A centrifuge rotor rotating at 13,000 rpm is shut off and is eventually brought uniformly to rest by a frictional torque of 1.30 m·N. If the mass of the rotor is 4.80 kg and it can be approximated as a solid cylinder of radius 0.0710 m, through how many revolutions will the rotor turn before coming to rest?
To find the number of revolutions the rotor will make before coming to rest, we need to calculate the initial angular velocity of the rotor and then use it to find the time it takes to come to rest.
Step 1: Calculate the initial angular velocity (ωi)
The angular velocity of the rotor can be determined using the formula:
ωi = 2πf
where ωi is the initial angular velocity and f is the initial frequency in Hz (revolutions per second). Since the rotor is rotating at 13,000 rpm, we need to convert this to Hz by dividing by 60.

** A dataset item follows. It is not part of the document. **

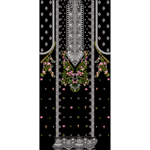 This front panel design is ideal for use on kurtis, long shirts, frocks, anarkali dresses, formal ethnic wear, and festive outfits. It is also suitable for digital textile printing, embroidery reference designs, lace and cutwork inspiration, and surface pattern projects. The overall design reflects sophistication, tradition, and refined craftsmanship, making it a perfect choice for premium textile and fashion collections.

f = 13,000 rpm / 60 = 216.67 Hz
ωi = 2π × 216.67 = 1361.37 rad/s
Step 2: Calculate the deceleration (α)
The deceleration of the rotor can be determined using the formula:
α = τ / I
where α is the deceleration, τ is the frictional torque (1.30 m·N), and I is the moment of inertia of the rotor.
The moment of inertia of a solid cylinder is given by the formula:
I = (1/2)mr²
where m is the mass of the rotor and r is the radius of the rotor.
m = 4.80 kg
r = 0.0710 m
Let's calculate I:
I = (1/2) × 4.80 kg × (0.0710 m)² = 0.01216928 kg·m²
Now, let's calculate α:
α = 1.30 m·N / 0.01216928 kg·m² = 106.60 N·m/kg
Step 3: Calculate the time it takes to come to rest (t)
The time it takes for the rotor to come to rest can be determined using the equation:
ωf = ωi - αt
where ωf is the final angular velocity (0 rad/s), ωi is the initial angular velocity (1361.37 rad/s), α is the deceleration (106.60 N·m/kg), and t is the time in seconds.
Let's plug in the values:
0 = 1361.37 rad/s - 106.60 N·m/kg × t
Solving for t:
t = 1361.37 rad/s / 106.60 N·m/kg = 12.78 s
Step 4: Calculate the number of revolutions (N)
The number of revolutions can be determined using the formula:
N = (ωi - ωf) / (2π)
where N is the number of revolutions, ωi is the initial angular velocity (1361.37 rad/s), ωf is the final angular velocity (0 rad/s), and 2π is the number of radians in one revolution (approximately 6.283).
Let's calculate N:
N = (1361.37 rad/s - 0 rad/s) / (2π) = 216.67 revolutions
Therefore, the rotor will complete approximately 216.67 revolutions before coming to rest.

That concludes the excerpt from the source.